*** Opening of Data supplied ***

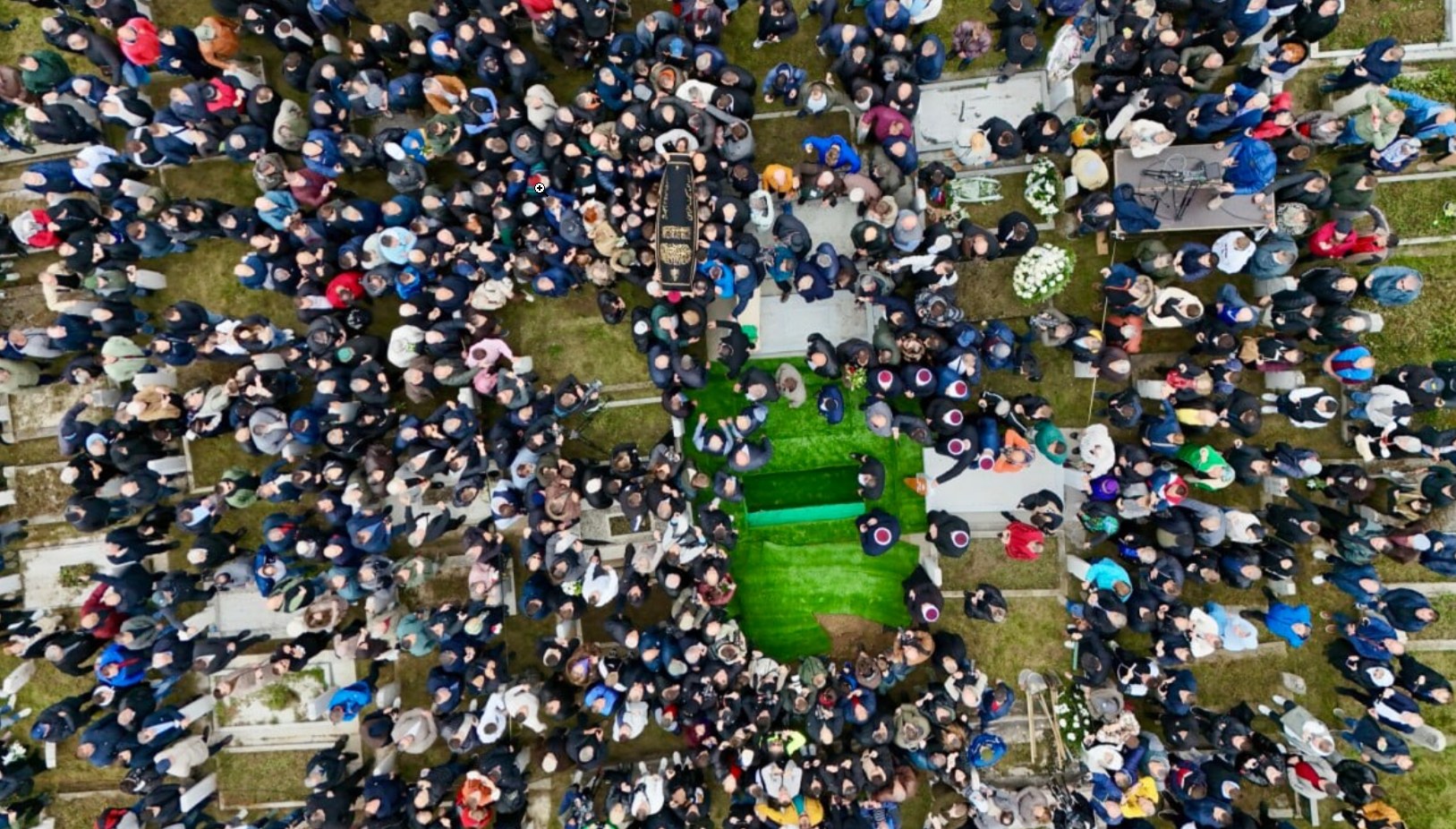 Nakon održane komemoracije u Narodnom pozorištu u Sarajevu i dženaze u haremu Gazi Husrev-begove džamije, rijeka ljudi je stigla na gradsko groblje Bare kako bi ispratili legendarnog Halida Bešlića.
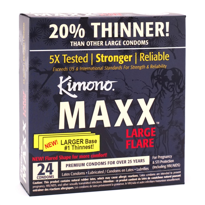 You asked for it, and we listened. Kimono MAXX condoms can help provide a better love making experience through features such as: 25% more extra head room, added length and extreme thinness. To make the best MAXX condom, we've added extra room where it matters the most: the head of the penis. A relaxed fit at the head eliminates that constricting feeling that some people dislike. We've increased the length of the condom to provide coverage for a longer penis. We've retained a secure large flare fitting base to prevent slipping or leaking. Finally, we've made our Maxx condom 20% thinner to allow more feeling.
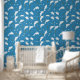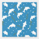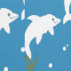 Tauchen Sie ein in eine Welt voller Spaß mit diesem verspielten Delfinmuster. Dieses Design, das bezaubernde weiße Delphine mit blauen Wellen und Algen zum Schwimmen einlädt, ist ideal, um Ihren Projekten eine Touch der Meeresfreude hinzuzufügen. Ideal für Stoffe, Tapeten oder jedes nautische Design.
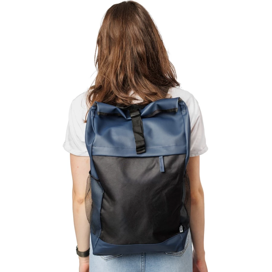 Roll-top laptop backpack with adhesive closure, 5 pockets including one for a 15" laptop, load capacity: 25 l, load capacity: 15 kg, PU waterproof coating, RPET label on the side, includes RPET icon on the tag, product made of RPET
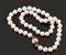 Collana composta da un filo di perle giapponesi dal diam di mm 7,8 a 8,1; chiusura in oro bianco, a barilotto, con corallo rosso, onice e piccoli diamanti taglio brillante
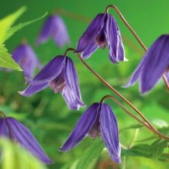Klematis ‘Helsingborg’ blommar tidigt med blåvioletta stora klockformade blommor från april till maj på gamla rankor. Passar perfekt att odla mot vägg, träd, mur, spaljé eller som marktäckare.
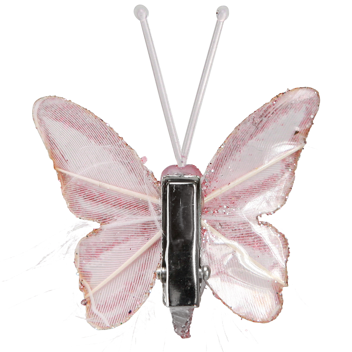 Feder Schmetterling Deko Clip Rosa Weiß 5x4,5cm 4 St
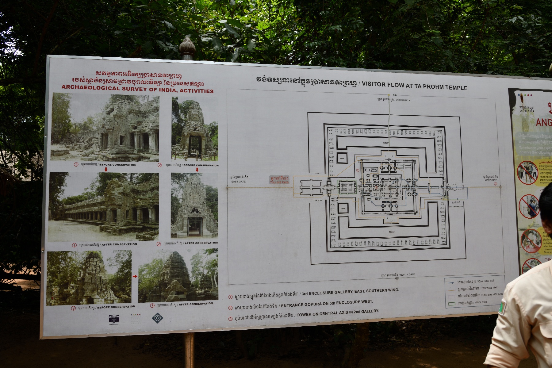 タ・プローム案内図を見ながら説明を受ける。整った構造の遺跡のようだが、中に入ったら何が何だかわからなくなってしまった。
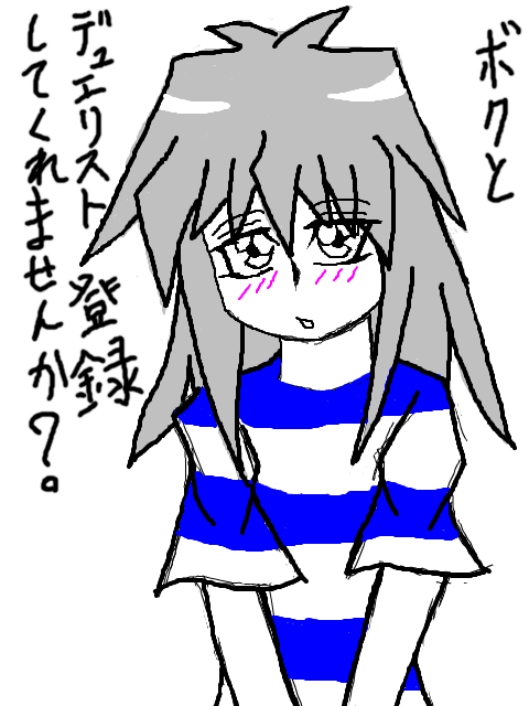 トラバ/ドールの話なんですが、な、なんと嬉しいことに初めてのデュエリスト登録がばくよしくんでした!!\(^0^)/上の絵は管理人ビジョンでこう見えました^q^ばくよしくんが初めてのデュエリスト登録なんて嬉しすぎる・・・!!他のキャラは別にどうでもいいけど(お)おかげでばくよしくんと親密度がちょっとUPしました!!もっともっと親密度あげるぞ!!というか、このゲームって恋愛ゲームじゃないの?(何)ホント恋愛フラグ立ってるようにしか思えない^^もう、ばくよしくんが「君って結構強いんだね。ボクとデュエリスト登録してくれませんか?」と言われた時は嬉しくて心臓バク獏だよ!!(え)それと夜中の深夜徘徊をしてると必ず迷宮兄弟が邪魔をしてくるんですが。今度は弟だけじゃなくて兄も邪魔してきて非常にウザイったらありません。お前らに用はねぇんだよ!!bkrに会いたいんだよ!!(オイ!)何回も夜中出歩いているのに出てこないのはやっぱydnsといちゃこらしてるんだ!!ydnsと夜中励んでるんだよ!!(何を!?)
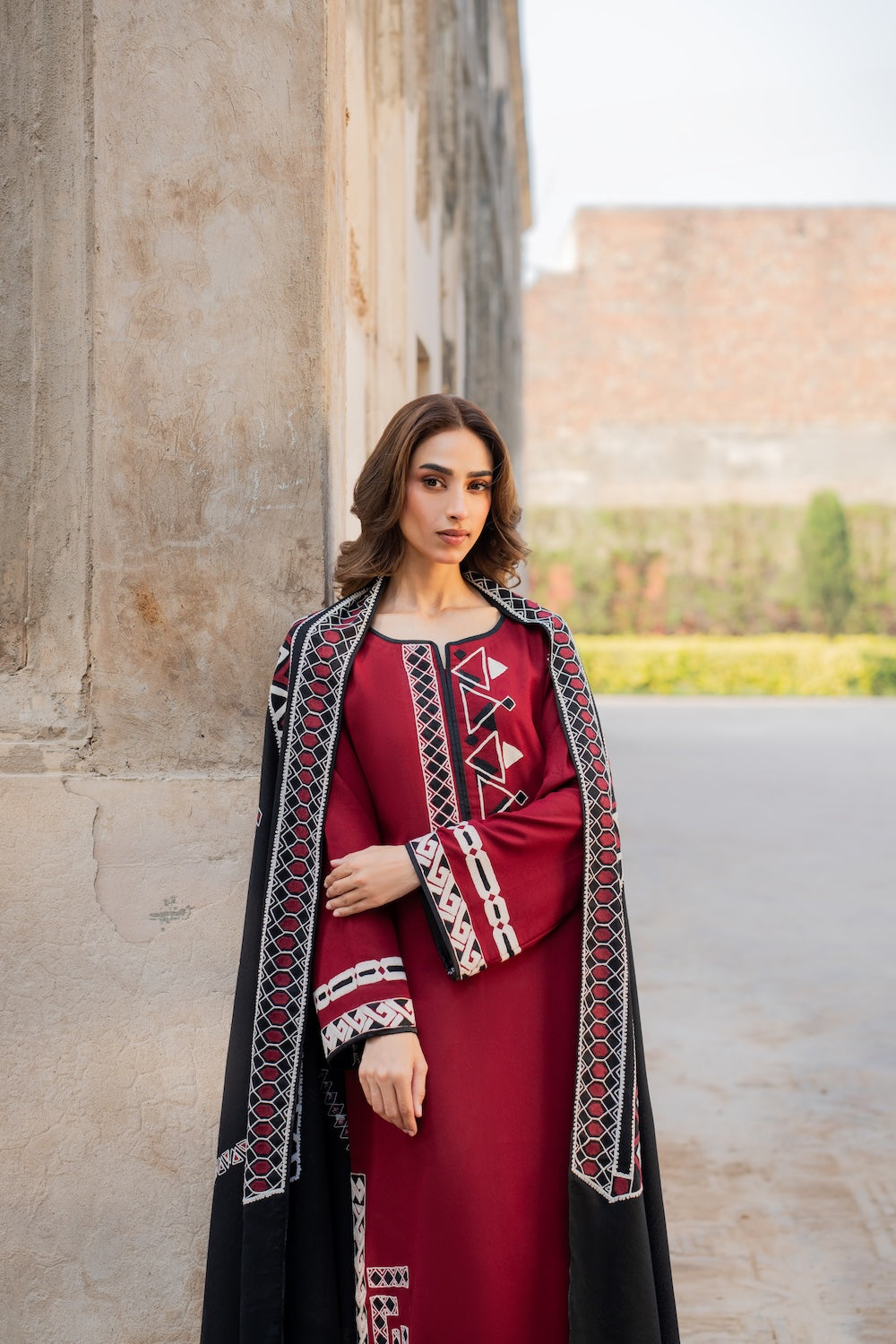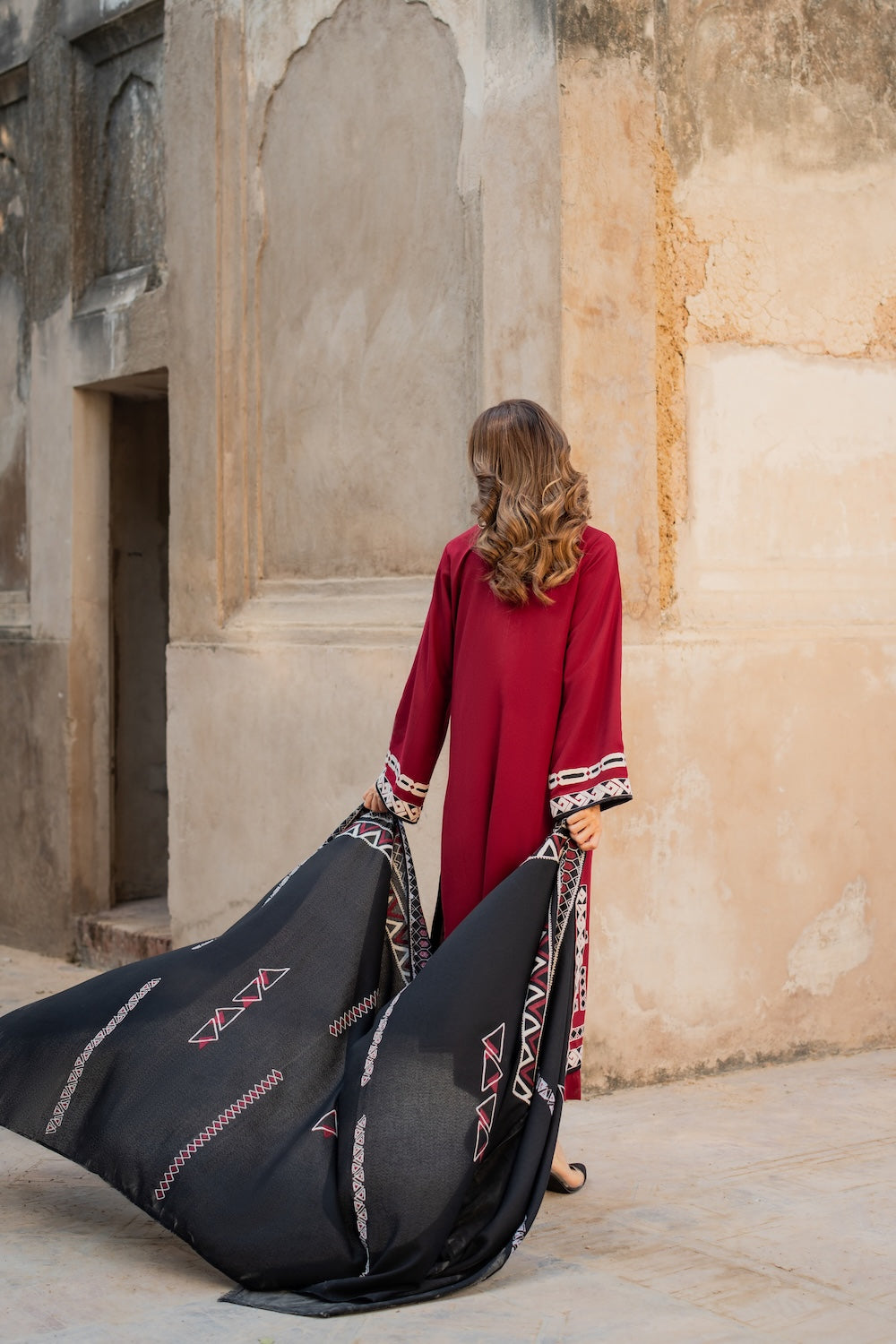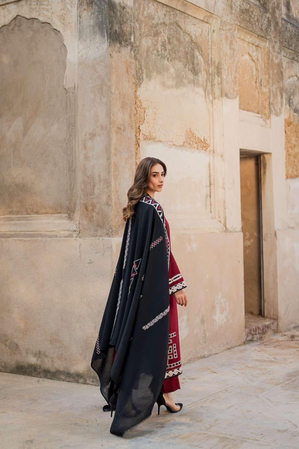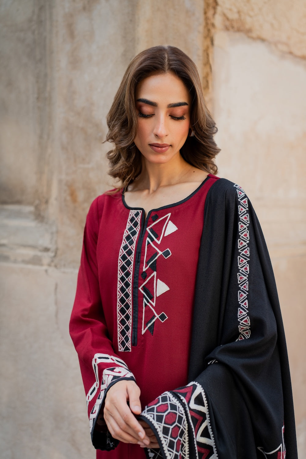 Pure karandi magic—this magnificent red outfit boasts balanced white and black aari embroidery on the front, a striking geometric pattern, and subtle detailing that makes it a wardrobe staple. Paired with straight pants and a majestic black shawl with embroidery, it’s the perfect blend of elegance and tradition.

*** Close of Data supplied ***

Assignment: Would you output only the span of the records above that opens with the line containing "Feder Schmetterling Deko" and closes with the line containing "タ・プローム案内図を見ながら", ends included and pictures dropped?

Answer to this exercise:
 Feder Schmetterling Deko Clip Rosa Weiß 5x4,5cm 4 St
 タ・プローム案内図を見ながら説明を受ける。整った構造の遺跡のようだが、中に入ったら何が何だかわからなくなってしまった。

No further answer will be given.